**Task directions:** Pictures aside, print all of the data below exactly as written.

**Exercise data:**
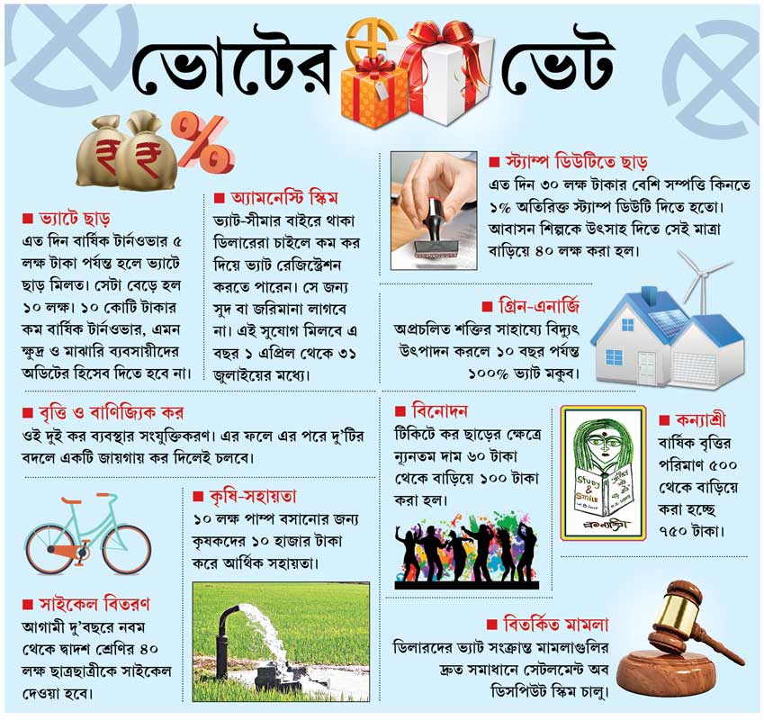 ভোটের কথা মাথায় রেখেই ফলাও করে বাজেটে ঘোষণা করা হয়েছে অসংগঠিত শ্রমিকদের জন্য ‘সামাজিক মুক্তি কার্ড’, পরিবহণ কর্মীদের জন্য সামাজিক সুরক্ষা প্যাকেজের কথা। রয়েছে চা-শ্রমিক এবং চা-বাগানের জন্যও একাধিক কর ছাড়ের প্রস্তাব।
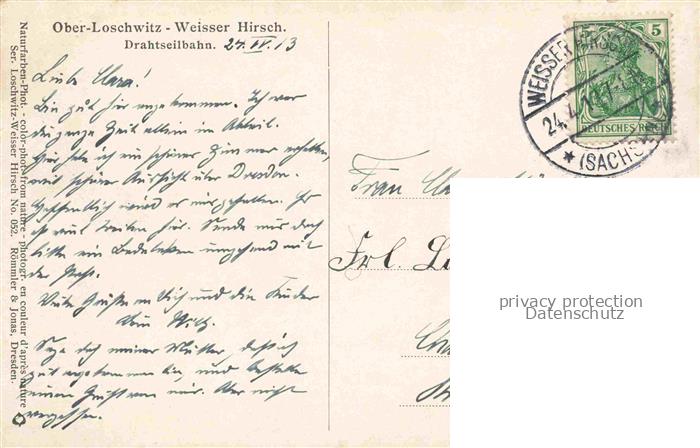 74057782 alte Postkarte Ober-Loschwitz Oberloschwitz DRESDEN Weisser Hirsch Drahtseilbahn postalisch gelaufen Erhaltung siehe scans [WerneD78] KatCode: 11110014262000
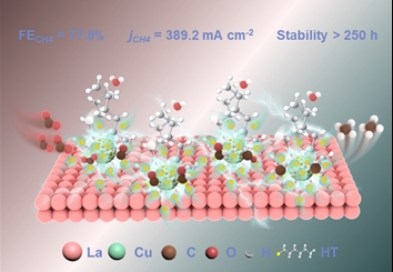 大规模电化学CO2甲烷化是实现碳中和极具前景的途径之一。构建高效且稳定的催化位点对于实现CO2向CH4的转化至关重要。在此,我们设计了一种负载于氧化镧(La2O3)并经己硫醇(HT)分子功能化的含氧铜团簇催化剂(HT@O-Cuc/La2O3),该催化剂实现了77.8%的甲烷法拉第效率(FECH4)和389.2 mA cm-2的分电流密度,并在长达250小时的运行过程中表现出优异的稳定性。硫醇配体通过S原子配位修饰于O-Cuc与La2O3的界面,促进了La与Cu位点之间的电子转移,并建立起一个稳定的电子补充通道,从而在电催化过程中持续稳定低配位的Cuδ+(0.4 < δ < 0.5)活性态。机理研究表明,配体修饰优化了Cu位点对*CO的吸附,并引导*CHO的加氢路径向*CH2OH转变,电子通道效应增强了Cu-C键能,有利于*OH的解吸。同时,La介导的水活化为反应提供了大量质子,推动了*CH2–*CH3–*CH4的定向氢化过程,从而实现了高选择性的CH4生成。
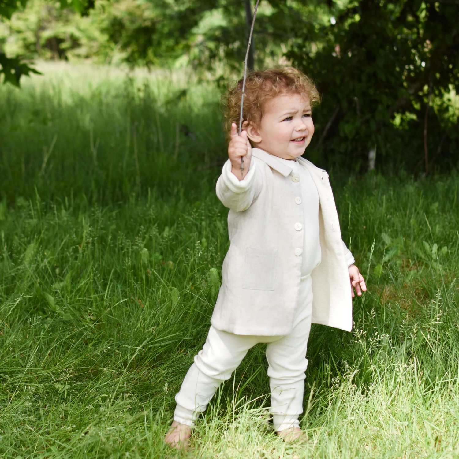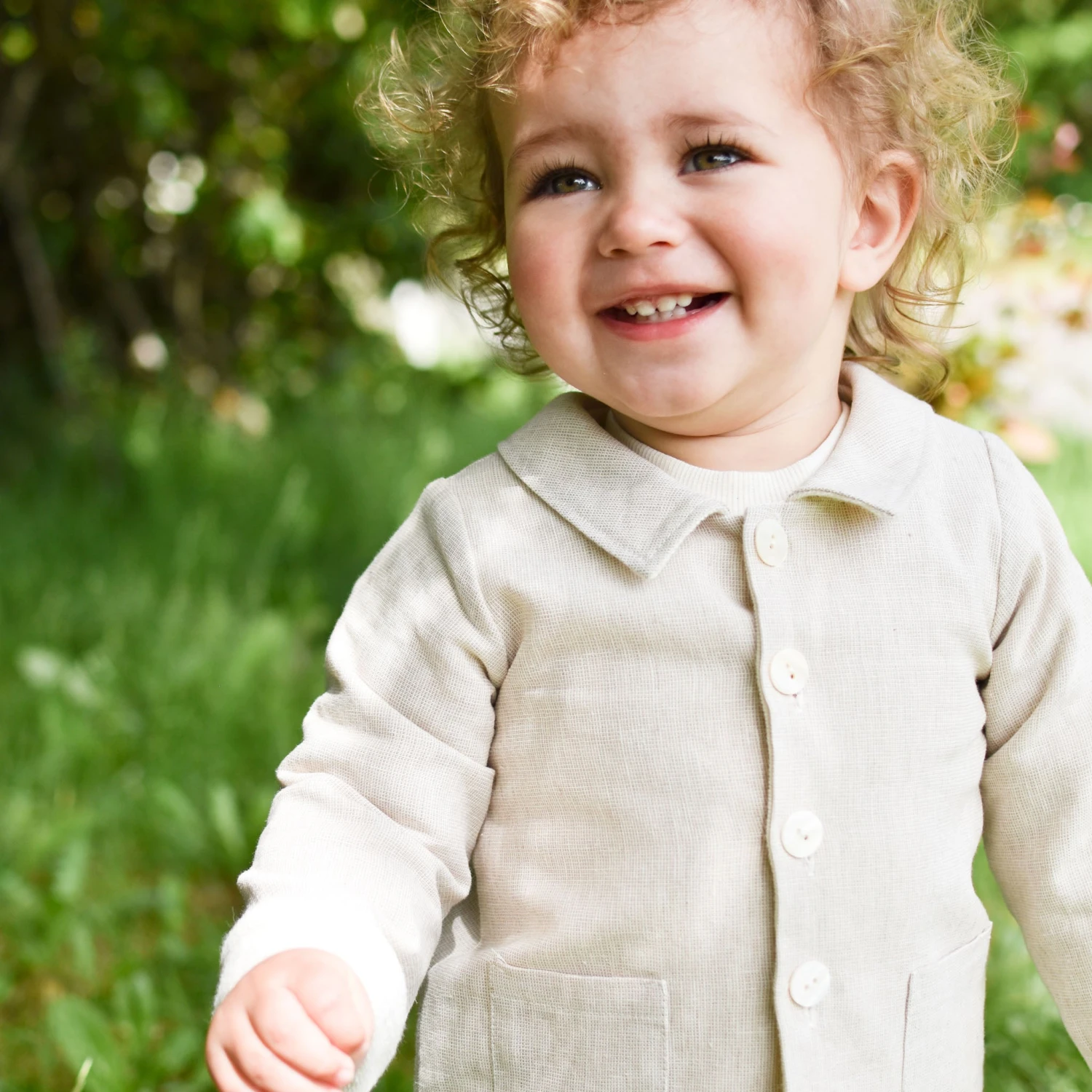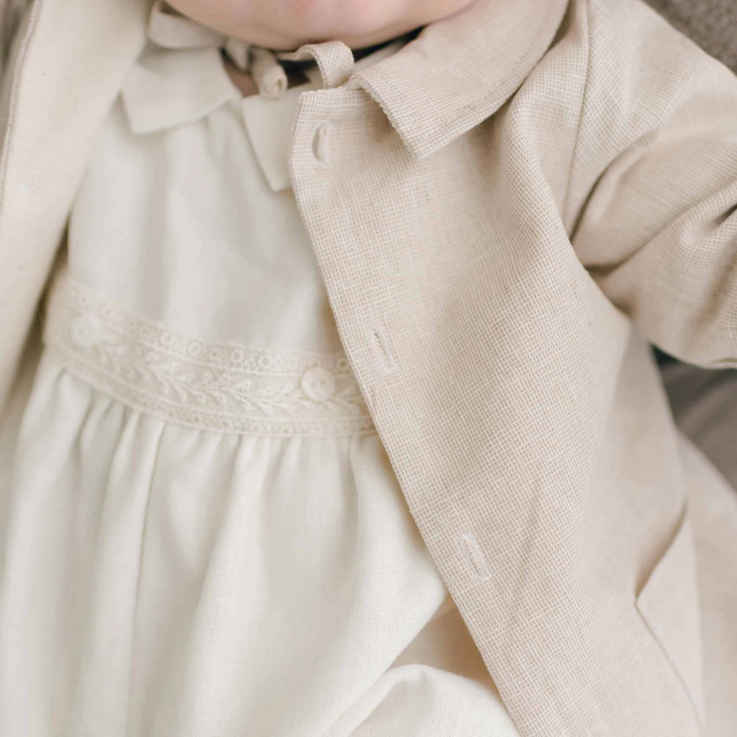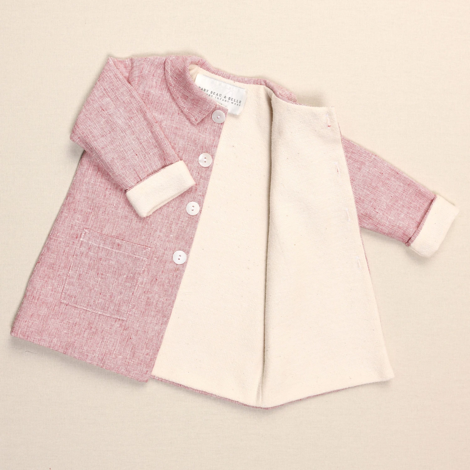 A delightful coat to layer over any outfit! The linen and french terry cotton trench coat features wide summarys and a darling collar for little details to finish his outfit to perfection. The sleeves are designed to be long so they can be cuffed and make a custom fit for your little one. The fit is to fall near his mid-thigh so he can still move around easily.

**Answer to the problem:**
 ভোটের কথা মাথায় রেখেই ফলাও করে বাজেটে ঘোষণা করা হয়েছে অসংগঠিত শ্রমিকদের জন্য ‘সামাজিক মুক্তি কার্ড’, পরিবহণ কর্মীদের জন্য সামাজিক সুরক্ষা প্যাকেজের কথা। রয়েছে চা-শ্রমিক এবং চা-বাগানের জন্যও একাধিক কর ছাড়ের প্রস্তাব।
 74057782 alte Postkarte Ober-Loschwitz Oberloschwitz DRESDEN Weisser Hirsch Drahtseilbahn postalisch gelaufen Erhaltung siehe scans [WerneD78] KatCode: 11110014262000
 大规模电化学CO2甲烷化是实现碳中和极具前景的途径之一。构建高效且稳定的催化位点对于实现CO2向CH4的转化至关重要。在此,我们设计了一种负载于氧化镧(La2O3)并经己硫醇(HT)分子功能化的含氧铜团簇催化剂(HT@O-Cuc/La2O3),该催化剂实现了77.8%的甲烷法拉第效率(FECH4)和389.2 mA cm-2的分电流密度,并在长达250小时的运行过程中表现出优异的稳定性。硫醇配体通过S原子配位修饰于O-Cuc与La2O3的界面,促进了La与Cu位点之间的电子转移,并建立起一个稳定的电子补充通道,从而在电催化过程中持续稳定低配位的Cuδ+(0.4 < δ < 0.5)活性态。机理研究表明,配体修饰优化了Cu位点对*CO的吸附,并引导*CHO的加氢路径向*CH2OH转变,电子通道效应增强了Cu-C键能,有利于*OH的解吸。同时,La介导的水活化为反应提供了大量质子,推动了*CH2–*CH3–*CH4的定向氢化过程,从而实现了高选择性的CH4生成。
 A delightful coat to layer over any outfit! The linen and french terry cotton trench coat features wide summarys and a darling collar for little details to finish his outfit to perfection. The sleeves are designed to be long so they can be cuffed and make a custom fit for your little one. The fit is to fall near his mid-thigh so he can still move around easily.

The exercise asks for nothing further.